Last edited by broly; Apr 20, 2026 at 06:45 PM.
Reason: typo. radio->vigor
Reviving a dead thread here, but I think I came to a realization. Almost 2 years later and I still have no progress on the rear doors as I have just been driving the TL around in all of its 6 speed goodness. Anyway I wired up the original TL driver door wire harness with the original TL master switch and the front windows still worked. Where I ran into an issue and things stopped working and got weird was when I experimented with the passenger front wire harness. I put the original TL front passenger door harness back in, repinned and swapped the white connector from the CL passenger door harness to the TL passenger harness so it can plug into one of the dash connectors. I connected everything back together and now only the passenger window works from the passenger switch. When I get more time I'll swap back in the CL door harness and hopefully I remember to provide an update.

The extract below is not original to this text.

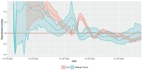 For a discussion on the relative merits of these two approaches, see [21,22]. The Wallinga–Teunis method was used with the addition of Cauchemez et al., who aimed to provide real-time estimation capability [23].
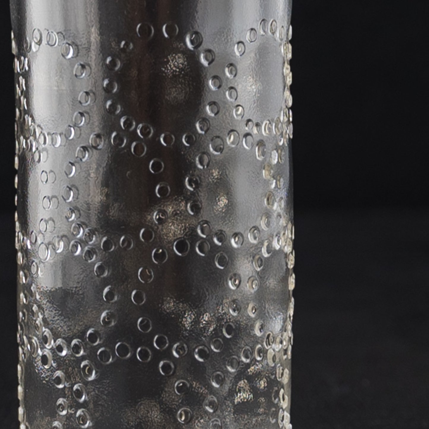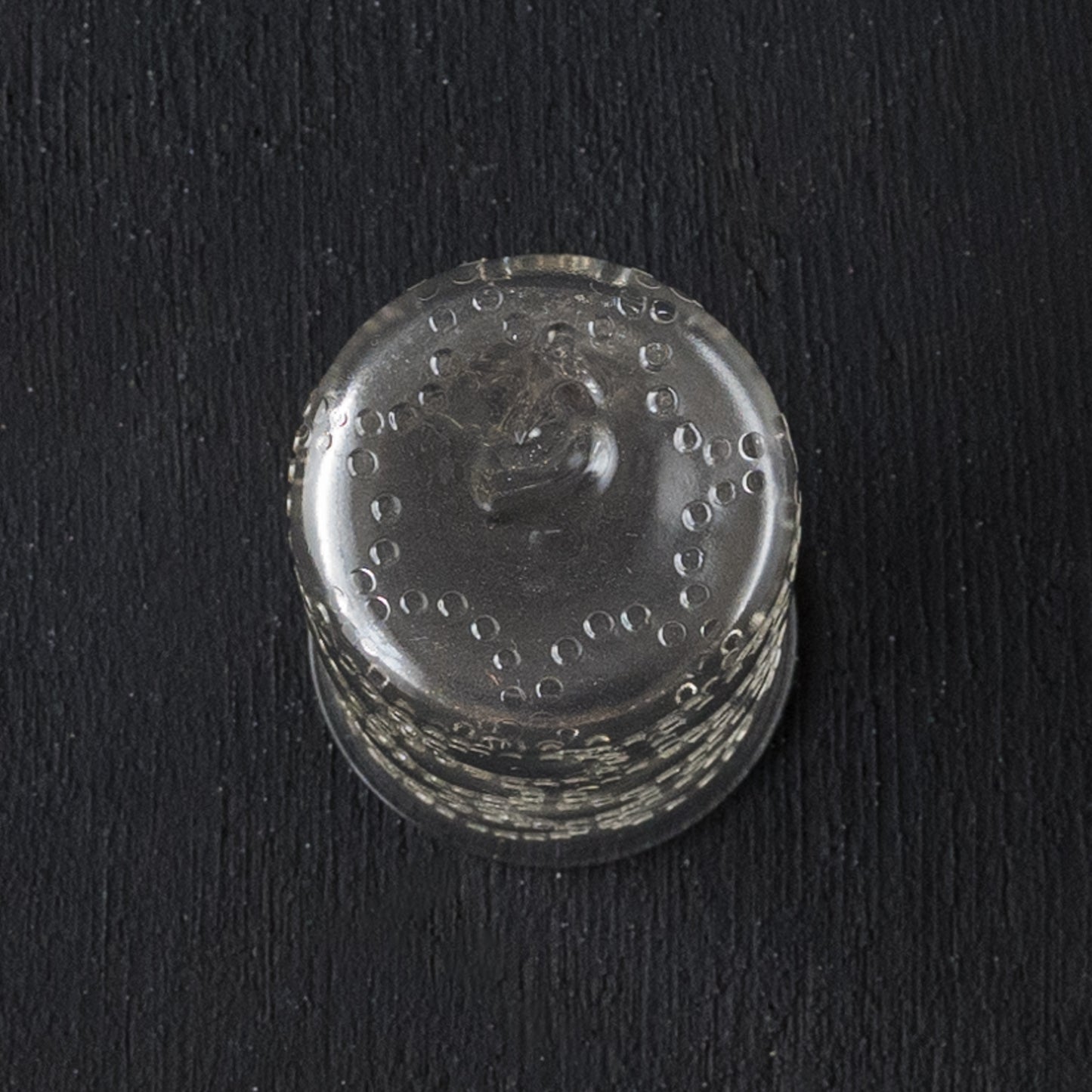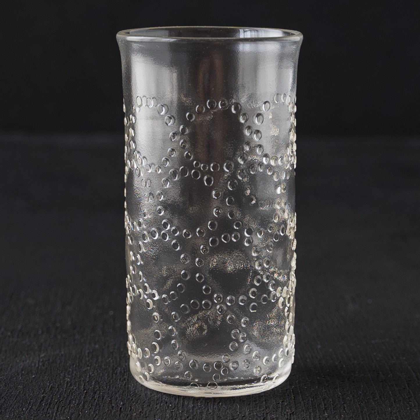 円柱形のフォルムがきりっとしていてシックなゾンビグラス(「ゾンビ」という名前のカクテルが由来)。立体感のある点でデザインした丸い模様が上品かつスタイリッシュな佇まいで見惚れてしまいます。

Well I'm back for an update. I already posted somewhat of a write-up in the 2G TL forums, but after so long and actually focusing on studying the different wiring diagrams between the TL and CL I got all of the accessories working perfectly. All power windows are functional from their respective switches and the master switch and even the door locks all function. A little splicing, adding pins to CL connectors E on the driver's interior fuse box and adding pins to the CL connectors I and A on the passenger's interior fuse box, then swapping in the TL interior fuse boxes made everything work.